Experts have known for some time that inhibiting or reversing "gamma-to-beta" switching of hemoglobin subunits can raise levels of fetal hemoglobin in adults and significantly ameliorate the debilitating symptoms of beta-thalassemia or sickle cell disease.
"Our work has identified a potential DNA target for genome editing–mediated therapy and offers proof-of-principle for a possible approach to treat sickle cell and beta-thalassemia," added Weiss. "We have been able to snip that DNA target using CRISPR, remove a short segment in a "control section" of DNA that stimulates gamma-to-beta switching, and join the ends back up to produce sustained elevation of fetal hemoglobin levels in adult red blood cells." When the scientists edited the DNA of blood-forming stem cells derived from patients with sickle cell disease, they were able to activate those genes and produce red blood cells that had enough fetal hemoglobin to be healthy.
Recently, scientists have used several gene editing approaches to manipulate blood-forming stem cells for the possible treatment of sickle cell disease and beta-thalassemia, including repair of specific disease-causing mutations and other strategies to inhibit gamma-to-beta switching. All of these approaches remain untested in patients.
"Our results represent an additional approach to these existing innovative strategies and compare favorably in terms of the levels of fetal hemoglobin that are produced by our experimental system," said Weiss. Using genome editing to restore the hereditary persistence of fetal hemoglobin is an attractive possibility, because it can be achieved relatively easily using current technologies. The condition is known to be benign in people who inherit similar naturally occurring mutations.
At this stage, the scientists emphasize that it is still too early to begin clinical trials of the new gene editing approach. The researchers want to refine further the gene editing process and perform other experiments to minimize potentially harmful off-target mutations before in-human clinical trials are considered. Additionally, it will be important to compare different approaches head-to-head to determine which one is safest and most effective.

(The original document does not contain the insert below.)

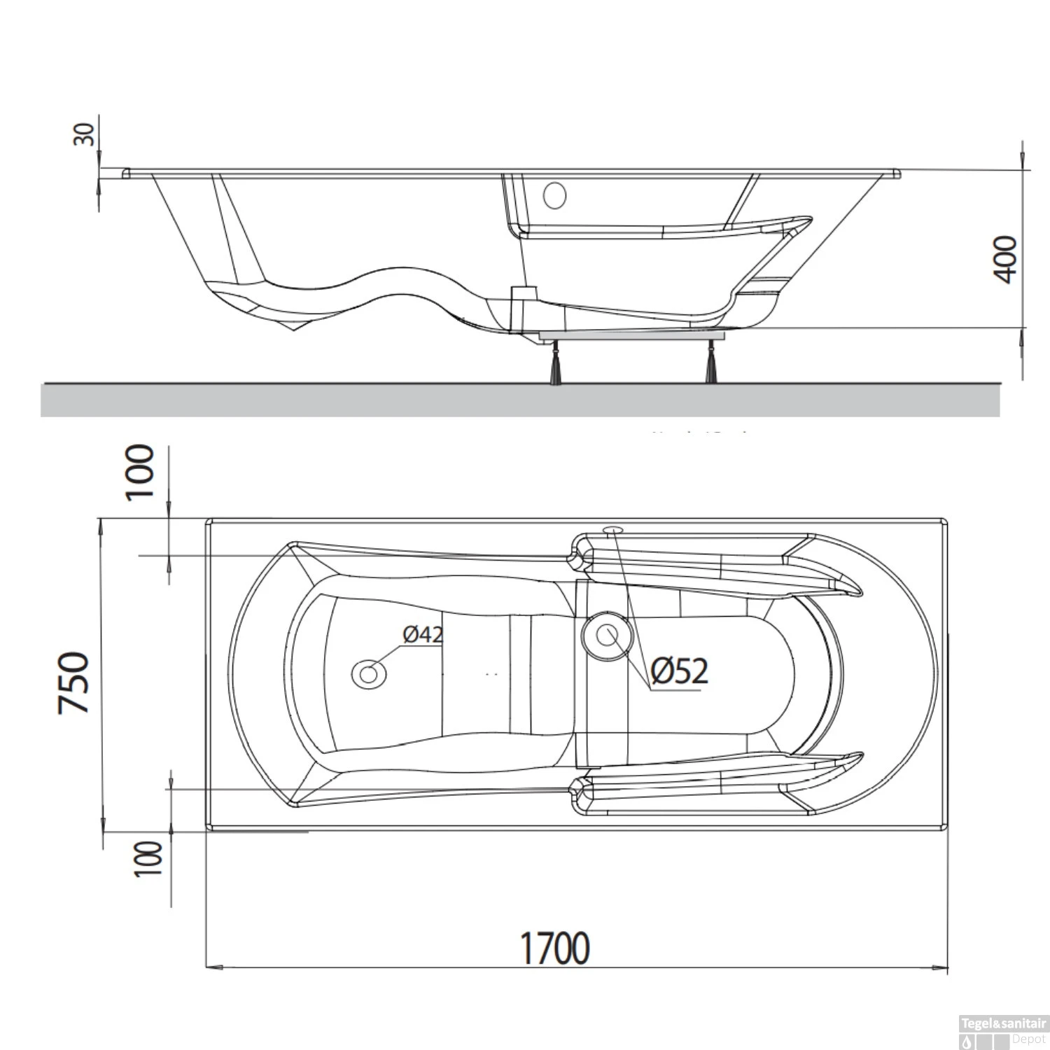 Het bad heeft een zitdiepte van 40 cm, een lengte van 170 cm, een breedte van 75 cm en een hoogte van standaard 40 cm wat verhoogd kan worden door de verstelbare badpoten.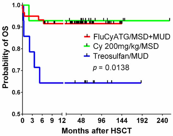 Severe aplastic anemia (SAA) is a rare but life-threatening hematological disorder with an extremely high risk of fatal infectious complications. The hallmark of SAA is pancytopenia caused by bone marrow (BM) hypoplasia or aplasia as a consequence of direct damage by chemical or physical factors or constitutional or acquired genetic defects, e.g., Fanconi anemia, or telomere biology disorders [1,2,3]. In the majority of SAA patients, the cause cannot be directly identified, but immune-mediated destruction of BM hematopoiesis is the most likely culprit. Autoimmunity can be triggered by alterations in antigens modified by drugs, chemical agents or viral infections and, consequently, can lead to the activation of the immunological cascade and damage to BM cells via activated T lymphocytes [2,4,5,6]. Allogeneic hematopoietic cell transplantation (HCT) from HLA-identical matched sibling donors (MSDs) is the method of choice for the treatment of SAA in children. Patients without sibling donors undergo immunosuppressive (IS) therapy or HCT from matched unrelated donors (MUDs) [6,7,8,9]. In the last 20 years, different protocols have been used in clinical practice in our center, and, at that time, in Polish children with SAA, MSD and MUD HCT were associated with a 5-year probability overall survival of 91 and 64%, respectively [10]. Treosulfan-based conditioning before MUD HCT was associated with 35% treatment-related mortality (Figure 1), and a decision was reached to introduce a combination of fludarabine, cyclophosphamide and antithymocyte globulin (FluCyATG). It must be mentioned here that patients who underwent transplantation after treosulfan had a median time of 19 months from diagnosis and a longer prior history of blood transfusions. The aim of this study was to evaluate the outcome of a conditioning protocol, FluCyATG, in children undergoing transplantation for SAA.

The study's authors are Elizabeth A. Traxler, Yu Yao, Yong-Dong Wang, Kaitly J. Woodard, and Chunliang Li of St. Jude. The other authors are Ryo Kurita and Yukio Nakamura of the RIKEN BioResource Center, Jim R. Hughes of Oxford University, Ross C. Hardison of Pennsylvania State University and Gerd A. Blobel of the Children's Hospital of Philadelphia.
This research was supported by funding from the National Institutes of Health (grants 4R01HL119479, F30DK102291, 2R56DK0658 and P30CA021765-37), ALSAC and the Assisi Foundation of Memphis Inc.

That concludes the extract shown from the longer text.